What Armstrong sees happening by October 1st, is a peak in bond prices and a low in interest rates from that point forward. The correction we're now seeing in stocks is reflecting that exactly as forecasted as investors sell shares and buy bonds.
If this all plays out as planned over the next 7 weeks, once the bond prices peak (yields bottom), as the defaults begin to materialize over the following 2 years, money may well run to stocks for safety and, as Armstrong suggests, interest rates will rise along with share prices in 2016 and in 2017 confusing many.
Humbly to us all, Armstrong wrote in the same post:
Keep in mind that this is going to be a very difficult period, for this is when we will see how worthless opinion becomes. What we are facing is something that has not emerged for nearly 300 years, so there is nobody alive who can offer an expert opinion.
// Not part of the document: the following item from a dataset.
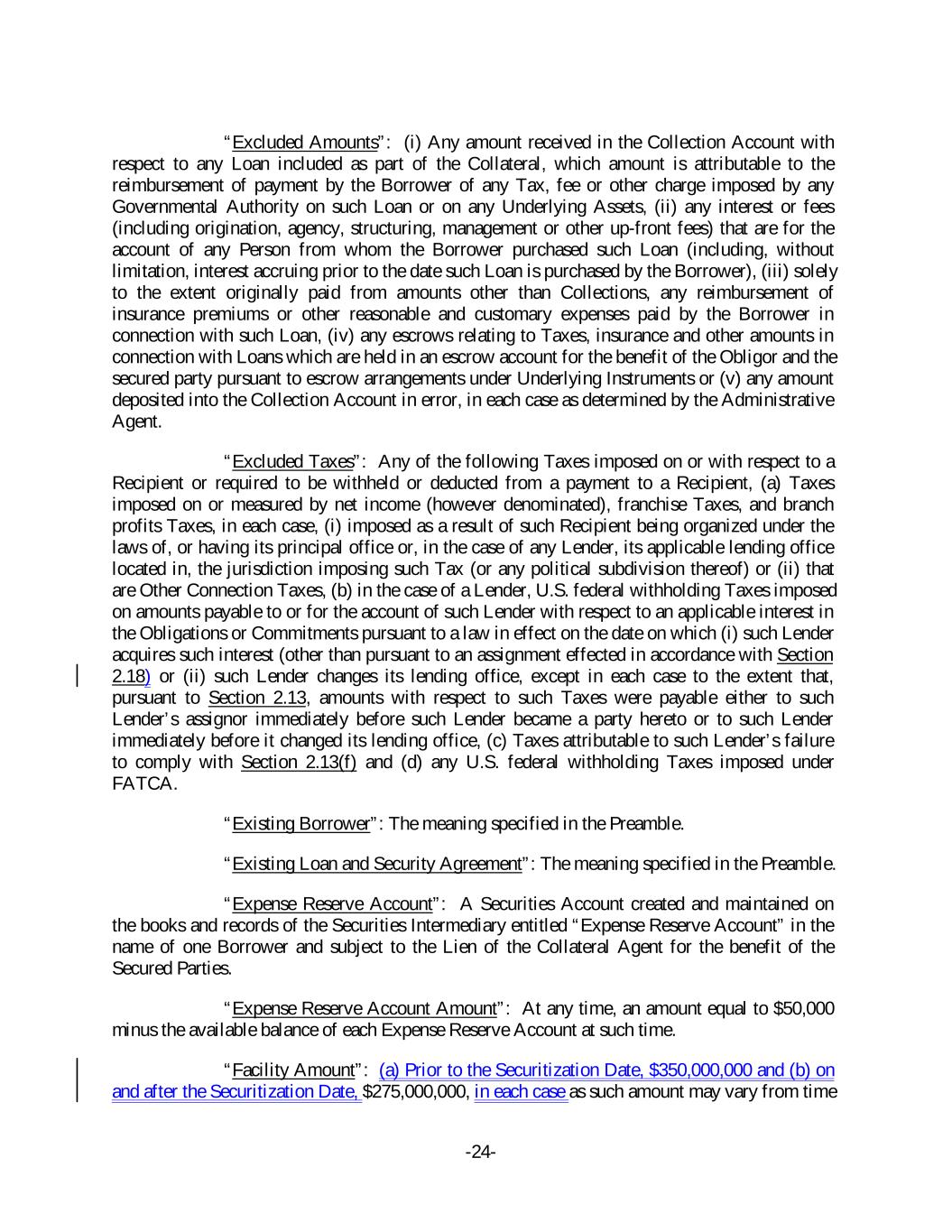 “Excluded Amounts”: (i) Any amount received in the Collection Account with respect to any Loan included as part of the Collateral, which amount is attributable to the reimbursement of payment by the Borrower of any Tax, fee or other charge imposed by any Governmental Authority on such Loan or on any Underlying Assets, (ii) any interest or fees (including origination, agency, structuring, management or other up-front fees) that are for the account of any Person from whom the Borrower purchased such Loan (including, without limitation, interest accruing prior to the date such Loan is purchased by the Borrower), (iii) solely to the extent originally paid from amounts other than Collections, any reimbursement of insurance premiums or other reasonable and customary expenses paid by the Borrower in connection with such Loan, (iv) any escrows relating to Taxes, insurance and other amounts in connection with Loans which are held in an escrow account for the benefit of the Obligor and the secured party pursuant to escrow arrangements under Underlying Instruments or (v) any amount deposited into the Collection Account in error, in each case as determined by the Administrative Agent. “Excluded Taxes”: Any of the following Taxes imposed on or with respect to a Recipient or required to be withheld or deducted from a payment to a Recipient, (a) Taxes imposed on or measured by net income (however denominated), franchise Taxes, and branch profits Taxes, in each case, (i) imposed as a result of such Recipient being organized under the laws of, or having its principal office or, in the case of any Lender, its applicable lending office located in, the jurisdiction imposing such Tax (or any political subdivision thereof) or (ii) that are Other Connection Taxes, (b) in the case of a Lender, U.S. federal withholding Taxes imposed on amounts payable to or for the account of such Lender with respect to an applicable interest in the Obligations or Commitments pursuant to a law in effect on the date on which (i) such Lender acquires such interest (other than pursuant to an assignment effected in accordance with Section 2.18) or (ii) such Lender changes its lending office, except in each case to the extent that, pursuant to Section 2.13, amounts with respect to such Taxes were payable either to such Lender’s assignor immediately before such Lender became a party hereto or to such Lender immediately before it changed its lending office, (c) Taxes attributable to such Lender’s failure to comply with Section 2.13(f) and (d) any U.S. federal withholding Taxes imposed under FATCA. “Existing Borrower”: The meaning specified in the Preamble. “Existing Loan and Security Agreement”: The meaning specified in the Preamble. “Expense Reserve Account”: A Securities Account created and maintained on the books and records of the Securities Intermediary entitled “Expense Reserve Account” in the name of one Borrower and subject to the Lien of the Collateral Agent for the benefit of the Secured Parties. “Expense Reserve Account Amount”: At any time, an amount equal to $50,000 minus the available balance of each Expense Reserve Account at such time. “Facility Amount”: (a) Prior to the Securitization Date, $350,000,000 and (b) on and after the Securitization Date, $275,000,000, in each case as such amount may vary from time -24-

As I understand it, especially from the last crisis, what really set off the rally in the dollar as a result of the subprime mortgage crisis, was the aggregate decline in debt instruments.
As of Q1 2015, there was $59 trillion in all sector credit market instruments.
It helps substantially for there to be new debt issuance to help rollover, service or pay off existing debt.
The chart below shows the year over year percent change in this aggregate debt level. Another sharp downturn in new debt issuance coupled with write offs could result in deflationary forces and a fierce rally in the dollar.
For the US economy in particular, I pointed out that age demographics are poor for growth. From July of 2015 - July of 2020, the total number of people in the US that will be aged 18-64 will only grow 1.17% in that 5 year period. Also, labor force participation rates are expected to continue to decline.
The civilian employment-population ratio has been in a healthy uptrend for the past few years. Age demographics and labor force participation rate forecasts suggest that this ratio is biased to go down again.
Post October 1st, I would be looking very closely for these two above economic data points to turn down and contribute to creating the conditions for what Armstrong believes will come to be:
A. A dollar rally
B. More sovereign defaults
C. Sell-off in bonds as risk is priced in
It does seem prudent now given this forecast to have some cash on hand.
Disclosure: I/we have no positions in any stocks mentioned, and no plans to initiate any positions within the next 72 hours.
I wrote this article myself, and it expresses my own opinions. I am not receiving compensation for it (other than from Seeking Alpha). I have no business relationship with any company whose stock is mentioned in this article.